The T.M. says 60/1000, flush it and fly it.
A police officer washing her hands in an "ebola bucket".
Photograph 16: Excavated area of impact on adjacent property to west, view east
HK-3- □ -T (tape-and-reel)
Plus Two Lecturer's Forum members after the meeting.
---
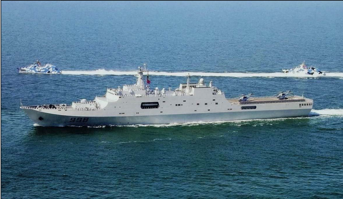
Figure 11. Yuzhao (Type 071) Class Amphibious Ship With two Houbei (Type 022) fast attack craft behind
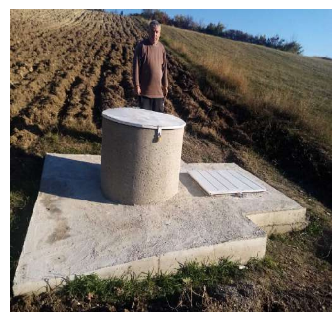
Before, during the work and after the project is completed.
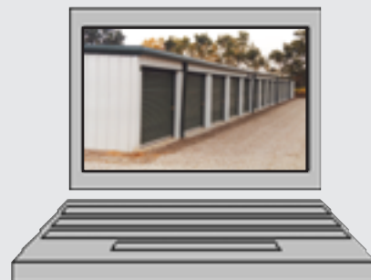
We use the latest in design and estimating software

Work required:
From the entries above, return exactly the line containing "The T.M. says 60/1000, flush it and fly it.", the line containing "Plus Two Lecturer's", and all lines between, and nothing else.

Task response:
The T.M. says 60/1000, flush it and fly it.
A police officer washing her hands in an "ebola bucket".
Photograph 16: Excavated area of impact on adjacent property to west, view east
HK-3- □ -T (tape-and-reel)
Plus Two Lecturer's Forum members after the meeting.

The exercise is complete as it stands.